This isn’t the first time Yagan has tried launching a service like this. In 2007 there was a Web and text-based version of Crazy Blind Date, but it didn’t really take off. Whether the service itself will work is yet to be seen, but having it available as a free smartphone app instead of the Web and text-based model should certainly make it easier to use.

Yagan also pointed out that the average OkCupid user will look at 20 profiles each session, and calls the profiles viewed that don’t lead to dates as “lost possibilities.” Crazy Blind Date cuts the back-and-forth that a lot of users go through to set up dates, but to see if this is something OkCupid users are interested in, I asked a few of them.

OkCupid user and comedian Liz Russo told me, “Yeah, I would not do that. You might as well just say hi to someone in public and ask them out for coffee or sex in the bathroom.
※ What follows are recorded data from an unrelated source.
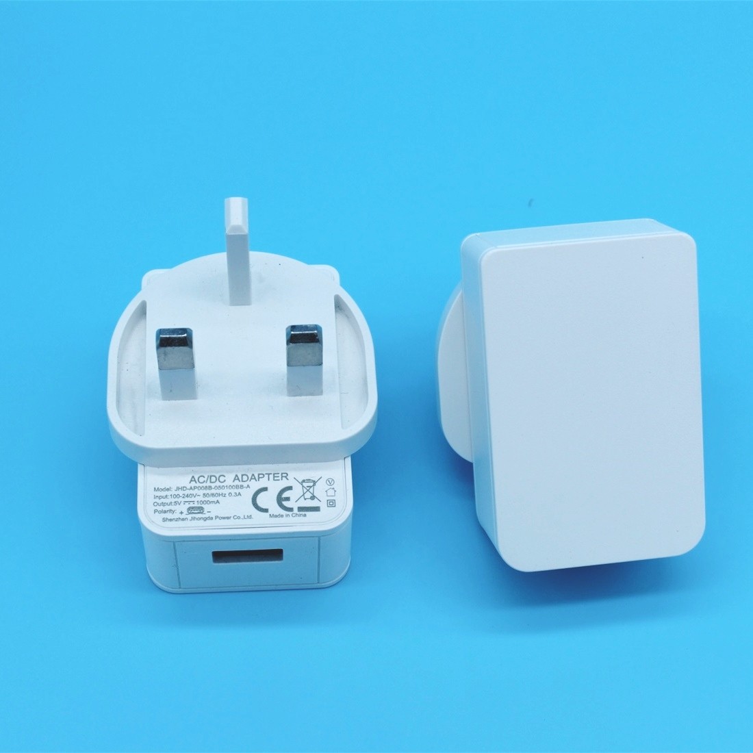5V1A英规USB充电器,USB电源适配器。产品型号:JHD-AP008B-050100BB-A,输出电压5V,输出电流1A,最大输出功率6W,内置电子兼容防干扰线路,通过CE-EMC,CE-LVD等认证,广泛应用于小家电、电子数码、IT通讯、安防监控、照明等。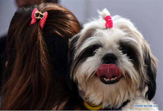 A dog is petted during a pet festival in Mumbai, India, on Dec. 17, 2017. (Xinhua/Stringer)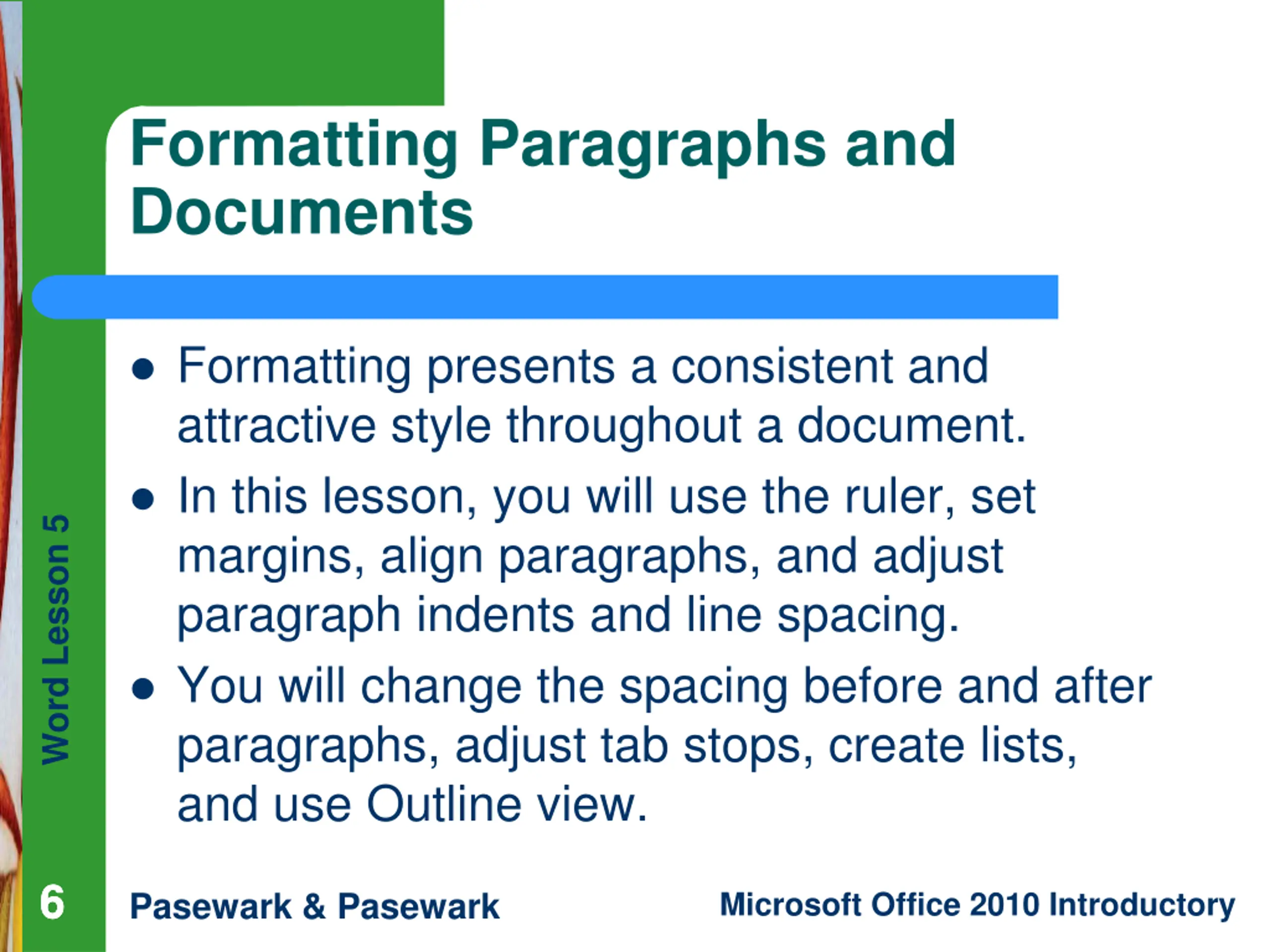 Formatting Paragraphs and Documents Formatting presents a consistent and attractive style throughout a document. In this lesson, you will use the ruler, set margins, align paragraphs, and adjust paragraph indents and line spacing. You will change the spacing before and after paragraphs, adjust tab stops, create lists, and use Outline view. Word Lesson 5 6 6 6 Pasewark & Pasewark Microsoft Office 2010 Introductory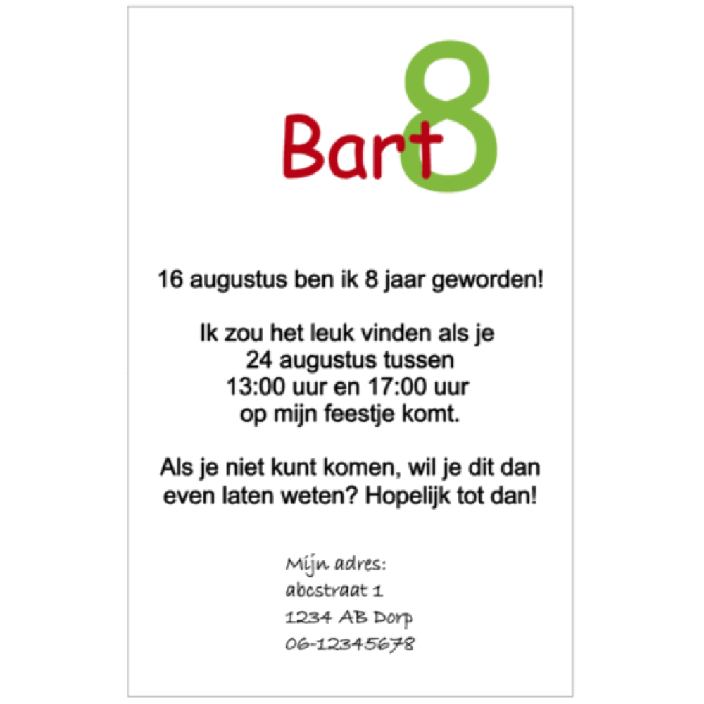 Uitnodiging Unieke uitnodiging zelf ontworpen Afmeting: 10,5 x 15 cm. (a5 gevouwen) inclusief envelop

You need an app for that?” She also said that most of the matches OkCupid makes for her aren’t with anyone she would pick for herself, so she’s not ready to give her faith over completely to the OkCupid computers.

Another friend and user who wished to remain anonymous said he wasn’t sure if he would be giving Crazy Blind Date a try or not. He admitted to having a sliver of shallowness, and would like to know what he’s getting into before going on a blind date with someone.

Crazy Blind Date does seem much more convenient than winnowing down a list of profiles, but there’s a trade-off, because it may be easier to get a date, but that date could very well be with someone whose profile you would have ignored. It depends on how much faith you’re willing to put in OkCupid.

(via The New York Times, image via quickmeme)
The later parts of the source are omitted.